===========================================================================
CSC 363H                Lecture Summary for Week  4             Summer 2007
===========================================================================

---------------
Diagonalization -- section 4.2, pp.174-178
---------------

Which set is "larger": N or Z?  Easy: Z contains N as proper subset.  Which
set has larger "size"?  Not so easy: for finite sets, adding or removing
one element reduces size, but not so for infinite sets.  So what does
"infinite size" mean?  Are all infinite sets the same "size"?

Idea: compare size of sets without counting (can't count "to infinity"), by
pairing up elements from each set.  If both sets can be paired completely,
then sets have same size.  Otherwise, one set has "larger size".  This
concept is formalized through notion of "correspondence" (see textbook).
Note: this is equivalent to usual notion of "size" for finite sets.

Defn: A set is "countable" if it is finite or if there is a correspondence
between the natural numbers and the set, i.e., if there is a systematic way
to list every element in the set exactly once.

 -  {0,1}^* is countable: list strings in lexicographic order, i.e.,
    use correspondence e, 0, 1, 00, 01, 10, 11, 000, 001, ... (where "e"
    represents the empty string)

 -  Z is countable: use correspondence 0 -1 1 -2 2 -3 3 -4 4 ...

 -  Q is countable: "zig-zag" argument (see textbook for details -- covered
    in lecture)

 -  R is uncountable: proof by contradiction through diagonalization
    (see textbook for details -- covered in lecture)

What does this have to do with languages?

 -  Number of TMs countable because we can list all strings over
    appropriate alphabet and keep only the ones that describe valid TMs.
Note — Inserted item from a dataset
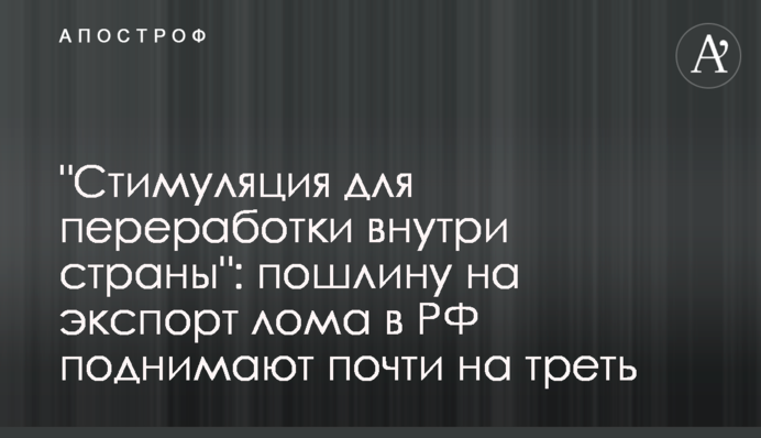 "Це рішення дозволить суттєво знизити експорт металобрухту. Тому що сьогодні мито в обсязі 70 євро не є стимулюючим, щоб залишати металобрухт для переробки всередині країни", - наголосив речник Держдуми В'ячеслав Володін, коментуючи підсумки засідання підкомісії при Мінекономрозвитку РФ.

 -  Number of languages uncountable because same as number of infinite
    binary strings (same as number of real numbers).

 -  Hence, "only" countably many recognizable languages, i.e., _most_
    languages are unrecognizable!

But are there any natural unrecognizable languages?

---------------------
The "Halting" problem
---------------------

A_TM = { <M,w> | M is a TM that accepts input w } is recognizable.

 -  As described last week, there is a TM U (the "universal TM") that takes
    a reasonable encoding of <M> and its input w, and that carries out M's
    computation on w.  U accepts if M accepts w, U rejects if M rejects w
    (U loops if M loops on w).

Theorem:  A_TM is undecidable.

Proof:
 -  For contradiction, assume A_TM decidable, i.e., there is a TM H that
    accepts input <M,w> if M accepts w, and rejects if M does not accept w
    (either because M rejects or loops).
 -  Construct TM D that includes H as a "subroutine".

    D: on input <M>
       run H's instructions on <M,<M>>
       if H accepts, D rejects
       if H rejects, D accepts

    In other words, on input <M>, D rejects if M accepts input
    <M> and D accepts if M does not accept input <M>.
 -  What happens if we give <D> as input to D?  D should reject if D
    accepts input <D> and D should accept if D does not accept input <D>,
    i.e., D accepts input <D> iff D does not accept input <D>.
 -  Contradiction!  Hence, D cannot exist, which means H cannot exist,
    i.e., no TM can decide A_TM -- by the Church-Turing thesis, this means
    there is no general algorithm for solving this problem!

Diagonalization and the Halting problem:
 -  Claimed behaviour of H:
             <M1>   <M2>   <M3> ...
        M1  accept reject reject
        M2  reject reject accept
        M3  reject accept accept
        ...                     ...
 -  D simply diagonalizes over this table.